**PROBLEM TO WORK ON**
Write out the records again exactly. Nothing should be dropped.

**RECORD EXCERPTS**
===============

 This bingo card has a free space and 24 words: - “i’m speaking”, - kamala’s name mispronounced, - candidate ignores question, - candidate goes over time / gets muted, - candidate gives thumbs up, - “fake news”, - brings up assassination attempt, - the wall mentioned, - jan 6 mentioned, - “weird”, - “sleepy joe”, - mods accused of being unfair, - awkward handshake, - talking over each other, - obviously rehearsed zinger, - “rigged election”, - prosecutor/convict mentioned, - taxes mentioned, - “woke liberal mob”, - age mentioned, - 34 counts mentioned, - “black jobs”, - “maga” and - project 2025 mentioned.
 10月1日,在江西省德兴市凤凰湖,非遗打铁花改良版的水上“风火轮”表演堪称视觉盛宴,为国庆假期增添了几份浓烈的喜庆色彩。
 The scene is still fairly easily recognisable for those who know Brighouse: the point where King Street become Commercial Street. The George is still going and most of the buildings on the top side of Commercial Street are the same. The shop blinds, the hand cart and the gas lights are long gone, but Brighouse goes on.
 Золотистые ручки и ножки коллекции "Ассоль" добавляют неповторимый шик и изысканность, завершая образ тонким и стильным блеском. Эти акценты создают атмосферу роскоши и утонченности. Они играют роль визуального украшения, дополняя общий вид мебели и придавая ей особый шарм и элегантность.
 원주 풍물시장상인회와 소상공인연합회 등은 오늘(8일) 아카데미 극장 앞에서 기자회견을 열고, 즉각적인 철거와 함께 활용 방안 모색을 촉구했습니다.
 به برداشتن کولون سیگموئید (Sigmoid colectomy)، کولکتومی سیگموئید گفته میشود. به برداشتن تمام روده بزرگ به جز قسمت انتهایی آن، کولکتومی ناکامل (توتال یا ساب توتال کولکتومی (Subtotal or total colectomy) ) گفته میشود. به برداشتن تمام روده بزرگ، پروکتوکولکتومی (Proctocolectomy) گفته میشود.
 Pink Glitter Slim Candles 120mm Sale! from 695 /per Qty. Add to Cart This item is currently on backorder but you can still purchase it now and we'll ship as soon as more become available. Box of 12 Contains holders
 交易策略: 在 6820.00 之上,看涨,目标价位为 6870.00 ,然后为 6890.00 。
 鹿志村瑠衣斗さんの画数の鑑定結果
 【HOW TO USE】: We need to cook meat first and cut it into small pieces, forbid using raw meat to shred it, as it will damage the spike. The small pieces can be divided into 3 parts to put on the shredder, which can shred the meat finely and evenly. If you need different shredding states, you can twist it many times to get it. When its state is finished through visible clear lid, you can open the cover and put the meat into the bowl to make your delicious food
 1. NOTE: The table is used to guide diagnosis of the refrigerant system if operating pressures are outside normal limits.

===============

**RESPONSE TO THE EXERCISE**
 This bingo card has a free space and 24 words: - “i’m speaking”, - kamala’s name mispronounced, - candidate ignores question, - candidate goes over time / gets muted, - candidate gives thumbs up, - “fake news”, - brings up assassination attempt, - the wall mentioned, - jan 6 mentioned, - “weird”, - “sleepy joe”, - mods accused of being unfair, - awkward handshake, - talking over each other, - obviously rehearsed zinger, - “rigged election”, - prosecutor/convict mentioned, - taxes mentioned, - “woke liberal mob”, - age mentioned, - 34 counts mentioned, - “black jobs”, - “maga” and - project 2025 mentioned.
 10月1日,在江西省德兴市凤凰湖,非遗打铁花改良版的水上“风火轮”表演堪称视觉盛宴,为国庆假期增添了几份浓烈的喜庆色彩。
 The scene is still fairly easily recognisable for those who know Brighouse: the point where King Street become Commercial Street. The George is still going and most of the buildings on the top side of Commercial Street are the same. The shop blinds, the hand cart and the gas lights are long gone, but Brighouse goes on.
 Золотистые ручки и ножки коллекции "Ассоль" добавляют неповторимый шик и изысканность, завершая образ тонким и стильным блеском. Эти акценты создают атмосферу роскоши и утонченности. Они играют роль визуального украшения, дополняя общий вид мебели и придавая ей особый шарм и элегантность.
 원주 풍물시장상인회와 소상공인연합회 등은 오늘(8일) 아카데미 극장 앞에서 기자회견을 열고, 즉각적인 철거와 함께 활용 방안 모색을 촉구했습니다.
 به برداشتن کولون سیگموئید (Sigmoid colectomy)، کولکتومی سیگموئید گفته میشود. به برداشتن تمام روده بزرگ به جز قسمت انتهایی آن، کولکتومی ناکامل (توتال یا ساب توتال کولکتومی (Subtotal or total colectomy) ) گفته میشود. به برداشتن تمام روده بزرگ، پروکتوکولکتومی (Proctocolectomy) گفته میشود.
 Pink Glitter Slim Candles 120mm Sale! from 695 /per Qty. Add to Cart This item is currently on backorder but you can still purchase it now and we'll ship as soon as more become available. Box of 12 Contains holders
 交易策略: 在 6820.00 之上,看涨,目标价位为 6870.00 ,然后为 6890.00 。
 鹿志村瑠衣斗さんの画数の鑑定結果
 【HOW TO USE】: We need to cook meat first and cut it into small pieces, forbid using raw meat to shred it, as it will damage the spike. The small pieces can be divided into 3 parts to put on the shredder, which can shred the meat finely and evenly. If you need different shredding states, you can twist it many times to get it. When its state is finished through visible clear lid, you can open the cover and put the meat into the bowl to make your delicious food
 1. NOTE: The table is used to guide diagnosis of the refrigerant system if operating pressures are outside normal limits.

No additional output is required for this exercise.